A system for estimating a velocity of a downhole component is disclosed. The system includes: a sensor configured to produce a sensor signal that is proportional to at least one of a position and an acceleration of the downhole component; and a circuit in communication with the sensor and configured to receive the sensor signal and generate an output signal indicative of an instantaneous velocity of the downhole component. A method of estimating a velocity of a downhole component is also disclosed.

Description

    BACKGROUND
  • In hydrocarbon exploration operations, well boreholes are drilled by rotating a drill bit attached to a drillstring, and may be bored vertically or bored in selected directions via geosteering operations. Various downhole devices located in a bottomhole assembly or other locations along the drillstring measure operating parameters and formation characteristics, and include sensors for determining the presence of hydrocarbons.
  • Various drilling parameters are monitored during drilling operations to assess the progress of a drilling operation and the performance of a drill bit. A drill bit's rate of penetration (ROP) is a significant parameter measured to monitor drilling progress as well as the presence of formation materials that affect the drilling performance and degradation of the drill bit. ROP is generally measured as an average over a selected period of time. Such average ROP measurements may compromise the ability to assess the actual ROP at any given moment and location during drilling.
  • BRIEF DESCRIPTION OF THE INVENTION
  • A system for estimating a velocity of a downhole component includes: a sensor configured to produce a sensor signal that is proportional to at least one of a position and an acceleration of the downhole component; and a circuit in communication with the sensor and configured to receive the sensor signal and generate an output signal indicative of an instantaneous velocity of the downhole component.

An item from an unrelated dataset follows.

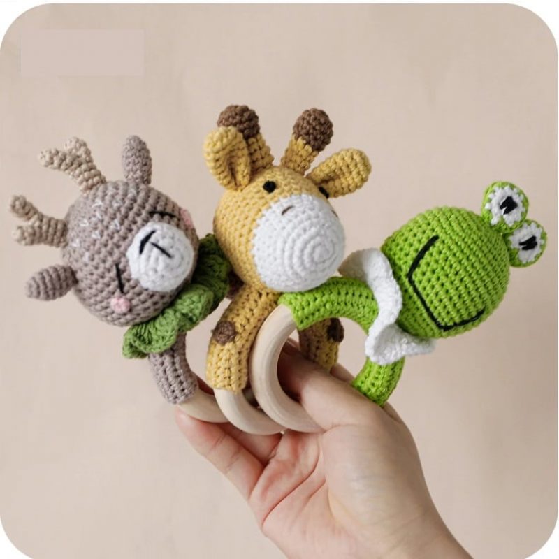Kötött Baba Csörgő Fogasjáték Fából Készült Csengővel

  • A method of estimating a velocity of a downhole component includes: lowering a sensor into a borehole in an earth formation, the sensor configured to produce a sensor signal that is proportional to at least one of a position and an acceleration of the downhole component; activating the sensor to generate the sensor signal; and transmitting the signal to a circuit and generating an output signal indicative of an instantaneous velocity of the downhole component via the circuit.
  • BRIEF DESCRIPTION OF THE DRAWINGS
  • The following description should not be considered limiting in any way. With reference to the accompanying drawings, like elements are numbered alike:
  • FIG. 1 depicts an embodiment of a drilling and/or geosteering system;
  • FIG. 2 is a circuit diagram illustrating an embodiment of a circuit of the system of FIG. 1;
  • FIGS. 3A and 3B are circuit diagrams illustrating additional embodiments of a circuit of the system of FIG. 1;
  • FIG. 4 is a circuit diagram illustrating another embodiment of a circuit of the system of FIG. 1;
  • FIGS. 5A and 5B are circuit diagrams illustrating further embodiments of a circuit of the system of FIG. 1; and
  • FIG. 6 is a flow chart providing an exemplary method of estimating a velocity of a downhole component.
  • DETAILED DESCRIPTION OF THE INVENTION
  • Referring to FIG. 1, an exemplary embodiment of a well drilling and/or geosteering system 10 includes a drillstring 11 that is shown disposed in a borehole 12 that penetrates at least one earth formation during a drilling operation and makes measurements of properties of the formation and/or the borehole 12 downhole. In one embodiment, such measurements are of a movement of components within the borehole, such as the velocity of a drill bit. The velocity, in one embodiment, is related to the drill bit's rate of penetration (ROP), which can be measured by various sensors in the system 10. The system includes a sensor assembly having at least one sensor configured to measure position and/or acceleration of the drill bit or other component, and at least one circuit in communication with the at least one sensor. The at least one circuit is configured to a receive a signal from the sensor and generate a signal representative of an instantaneous velocity of the component.
  • In one embodiment, the system 10 includes a conventional derrick 14 mounted on a derrick floor 16 that supports a mud motor including a rotary table 18 that is rotated by a prime mover (not shown) at a desired rotational speed. The drillstring 11 includes one or more drill pipe sections 20 or coiled tubing that extend downward into the borehole 12 from the rotary table 18, and is connected to a drill bit assembly 22. Drilling fluid, or drilling mud 24 may be pumped through the drillstring 11 and/or the borehole 12. The well drilling system 10 also includes a bottomhole assembly (BHA) 26. The drill bit assembly 22 is powered by a surface rotary drive, a motor using pressurized fluid (e.g., the mud motor), an electrically driven motor and/or other suitable mechanism. In one embodiment, the drillstring 11 is coupled to a drawworks 28 that is operated to control drilling parameters such as the weight on bit and the rate of penetration of the drillstring 11 (or components therein such as the drill bit assembly 22) into the borehole 12.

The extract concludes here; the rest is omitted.